Morgan did as he said and watched as the convoy of i8’s struggled to avoid the cars in front of them.”

Samu saw something long and thin materializing to his right. A train, stretching out behind him.

“There’s a train coming, if we can get across.”

“What about this exit coming up?”

“Take it.”

“Am I clear?”

The vision in Samu’s ocular lens went blurry for a second. He couldn’t tell if it was the lens itself or the DNI’s connection with his brain. Something must have shaken loose when Miklos was bouncing his head off the window like a baseketball.

The image cleared again. He said, “You’re barely gonna make it, don’t let up!”

Morgan kept his foot on the gas as he hit the exit lane, got to the bottom and skidded hard around the right turn, just in time for a car coming up fast behind him to screech to a halt, blocking the SUVs from turning. 

Samu looked ahead, the barriers were already blocking the track, the lights were flashing. He said, “I think you’ve got time.”

“You think or you know?”

The truth was he couldn’t tell, the image was going blurry again.

“Samu, do we make it?”

Samu was staring straight ahead, eyes searching.

The train was two hundred yards away and closing in fast.

Morgan yelled again, “Did we make it?”

Samu squeezed his eyes shut and opened them again, trying to clear the cobwebs, looking for that moment in the immediate future when they would be safely across or wiped out by the train.
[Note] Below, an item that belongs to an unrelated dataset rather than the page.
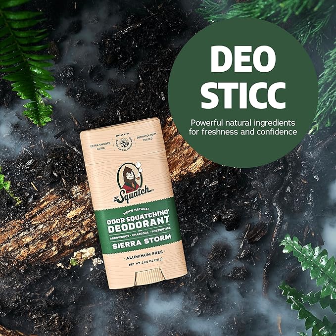 - BRAVE THE ELEMENTS WITH SIERRA STORM - Harness the power of the towering sequoias with the invigorating aroma of Sierra Storm. Infused with scents of eucalyptus, fresh pine, and juniper, keep your pits fresh while powerful natural ingredients like charcoal and arrowroot powder Squatch odor at the source.

At the last second, he got it.

“We’re clear.”

Morgan weaved around the barriers and rumbled over the tracks. He could see the train barreling down on them from less than a hundred yards away. The lights were blinding, he could barely see through the windshield but he trusted Samu’s vision.

Fifty yards. 

Forty. 

He heard the horn blare and then just like that it was passing behind them and getting quieter in the distance.

The i8’s were stuck on the other side of the tracks.

***

The rest of the night went off without a hitch. They made it to the transference point and sent Miklos over. Samu felt a little guilty but he comforted himself by thinking he may have saved the man’s life for a third time.
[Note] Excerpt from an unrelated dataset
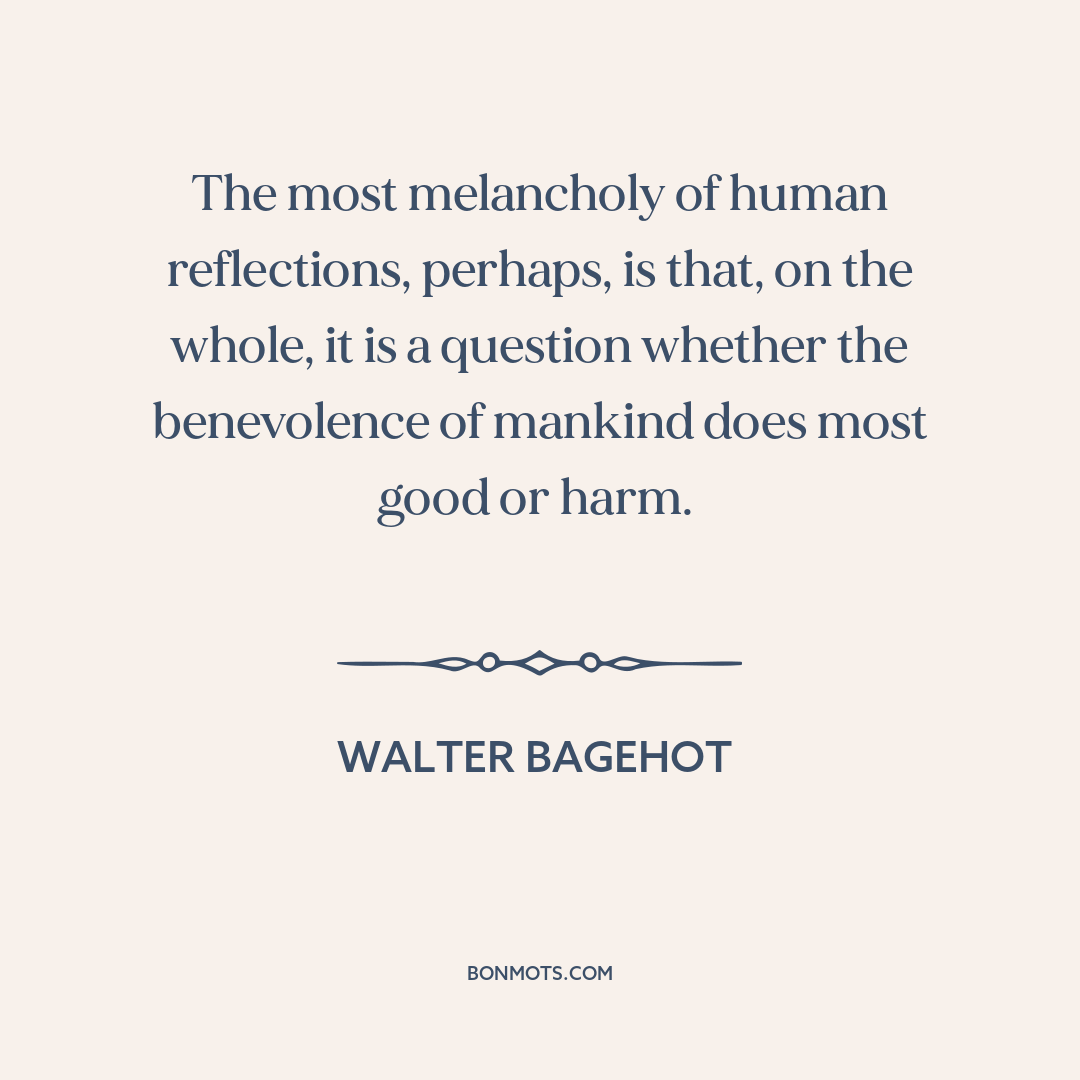 The most melancholy of human reflections, perhaps, is that, on the whole, it is a question whether the benevolence of mankind does most good or harm.

Morgan used a first aid kit from the Typhoon to stop the bleeding on Samu’s shoulder and busted out an emergency flask of white rum to take the edge off. On the drive back, they listened to a mix of French Beat and Ye-Ye, neither of which Samu had ever heard before.
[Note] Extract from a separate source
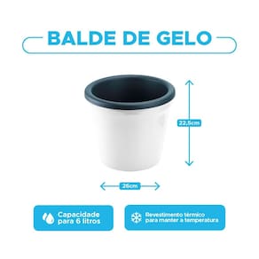 - Capacidade de 6 Litros: Ideal para grandes quantidades de gelo e bebidas.

When he told Morgan about what had happened in the car, Morgan said, “You get out of spot like that, maybe you should change your name to Houdini.”

“Houdini was Hungarian, you know.”

“He was?”

“Born in Budapest. A woman at the Chateau does a seance act where she calls on his spirit. You should come check it out. As a fellow magician I think you’d appreciate it.”

Morgan grinned and pointed the Typhoon West. It was really late, or really early, depending on how you looked at it, and the sun would be coming up behind them soon.